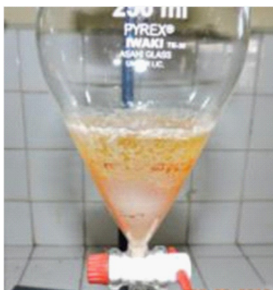
Fig. 1: Formation of soap during transesterification of rubber seed oil using CaO catalyst

Indonesia, is rubber ( Hevea brasiliensis ). The seed of this plant contains vegetable oil in substantial amount, ranging from 40 to 59% 1-2 , which makes this non-edible vegetable oil an interesting alternative raw material for biodiesel production. Despite this potential, unlike those derived from other raw materials, biodiesel derived from rubber seed oil has not reached the commercial stage. The main reason is probably due to the facts that rubber seed oil is more difficult to convert into biodiesel as a result of high free fatty acid (FFA) content in the oil which may reaches 18% 3 . In previous study 4 it was reported that the large quantity of FFA in vegetable oil led to simultaneous saponification and transesterification reaction.
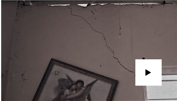
How to Survive an Earthquake - CBS
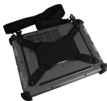
Hand strap & Shoulder Bag
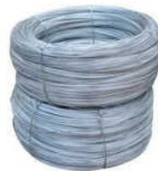
Cable Armouring Round Wires
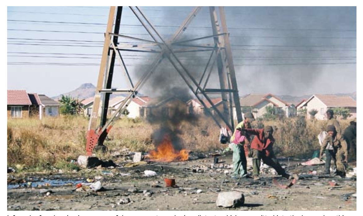
Informal refuse burning is a source of dangerous atmospheric pollutants which are emitted into the human breathing zone.

The geographically dispersed nature of vehicular sources makes it difficult for monitoring and enforcement authorities to target each source, so a mix of technical and non-technical measures is needed. Technological advances progressively reduce emissions from new vehicles through improved vehicle and fuel efficiencies. Internationally, however, such solutions alone have been found inadequate for addressing traffic emissions, and car ownership and the behaviour of users is also a major influence. In South Africa, the problem is aggravated by the fact that public transport is limited. Strategies to reduce vehicle emissions should also include other measures, such as transport demand and supply management, and traffic management, to reduce the incentive for using personal vehicles and to expand and promote the use of the public transport system.
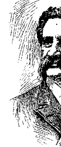
JOHN McLAUGHLIN LOGAN

The unveiling of the Logan statue in Chicago today was the grandest demonstration in the city's history. The statue, which stands on a high pedestal in the center of the city, is a masterpiece of art and a fitting tribute to the great soldier and statesman. The ceremony was attended by thousands of people, including many of the veterans who fought in the Civil War.
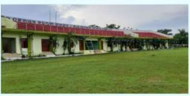
BIJU PATNAIK STADIUM
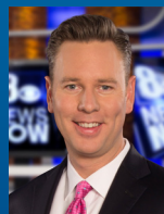
Brian Loftus Evening News Anchor, 8 News Now
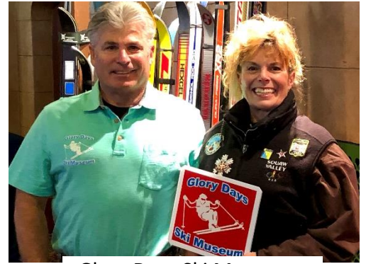
Glory Days Ski Museum
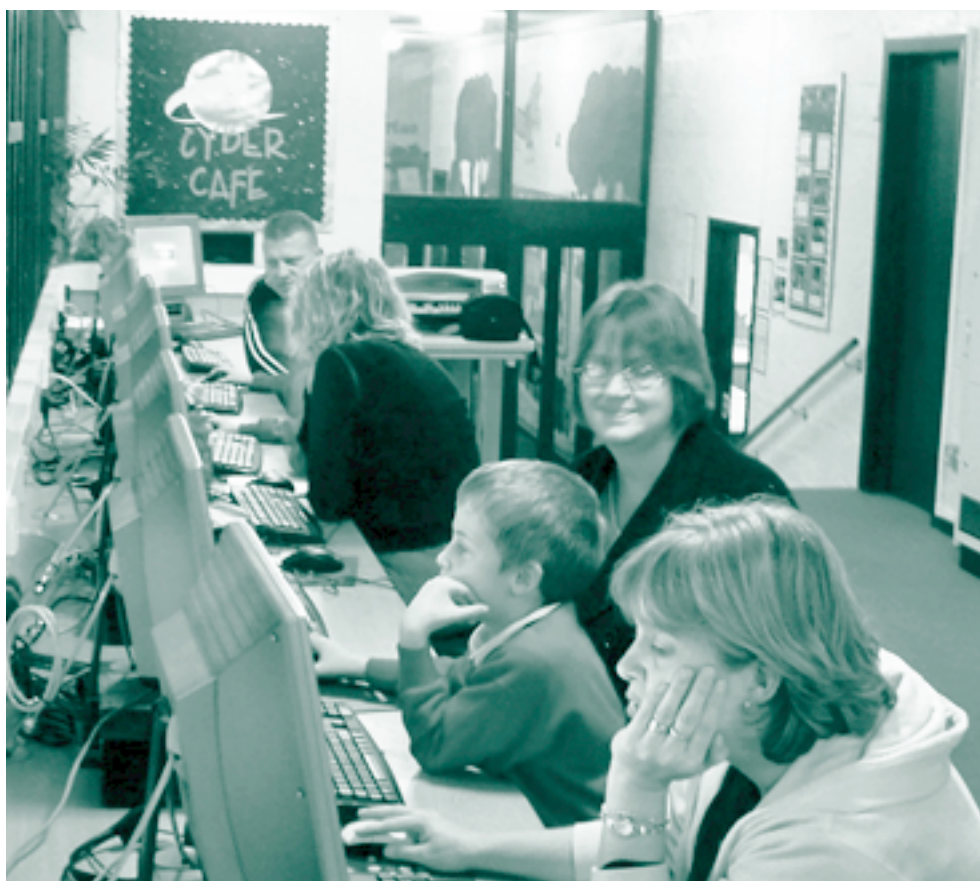
Parents and pupils learn together in the cyber café
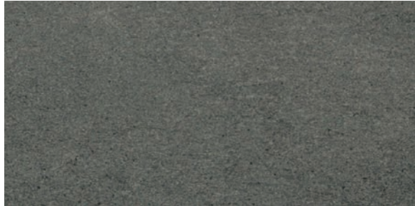
30 x 60 cm (12 x 24) MZ.SH.ANT.2424
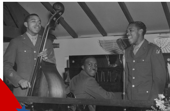
Jazz Band made up of African American soldiers from the 377th Aviation Squadron (WHC-CC)
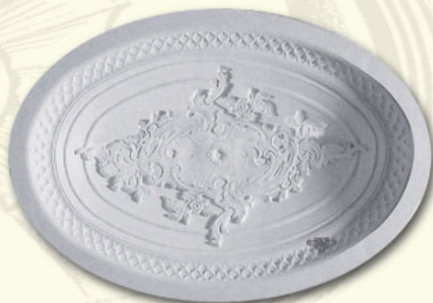
HKH DM24 1220 x 890 (48" x 35 \frac{1}{16} " ) Depth: 200 (7 \frac{7}{8} " )

155 6 \frac{1}{8} " 875 34 \frac{7}{16} "
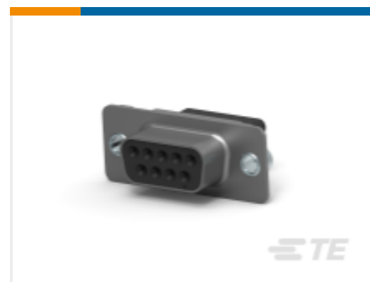
TE Part #1658646-1 D-Sub Crimp Recept Signal 9 Posn, Socket Size 20, Shell Size 1
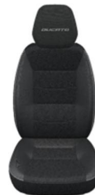
Crepe Colour Black
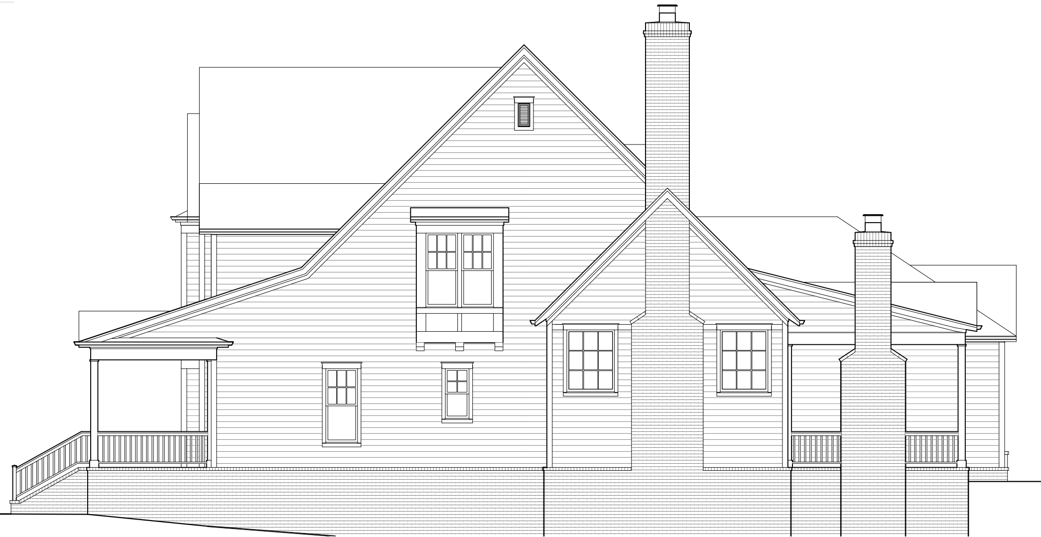
2 RIGHT ELEVATION 1/8" = 1'-0"
★ ★ ★ ★ ★
■ **ACTIVITY**
Copy nothing but the lines above that run from the one with "BIJU PATNAIK STADIUM" to the one with "Jazz Band made", ends included; pictures stay out.

■ **ANSWER SECTION**
BIJU PATNAIK STADIUM
Brian Loftus Evening News Anchor, 8 News Now
Glory Days Ski Museum
Parents and pupils learn together in the cyber café
30 x 60 cm (12 x 24) MZ.SH.ANT.2424
Jazz Band made up of African American soldiers from the 377th Aviation Squadron (WHC-CC)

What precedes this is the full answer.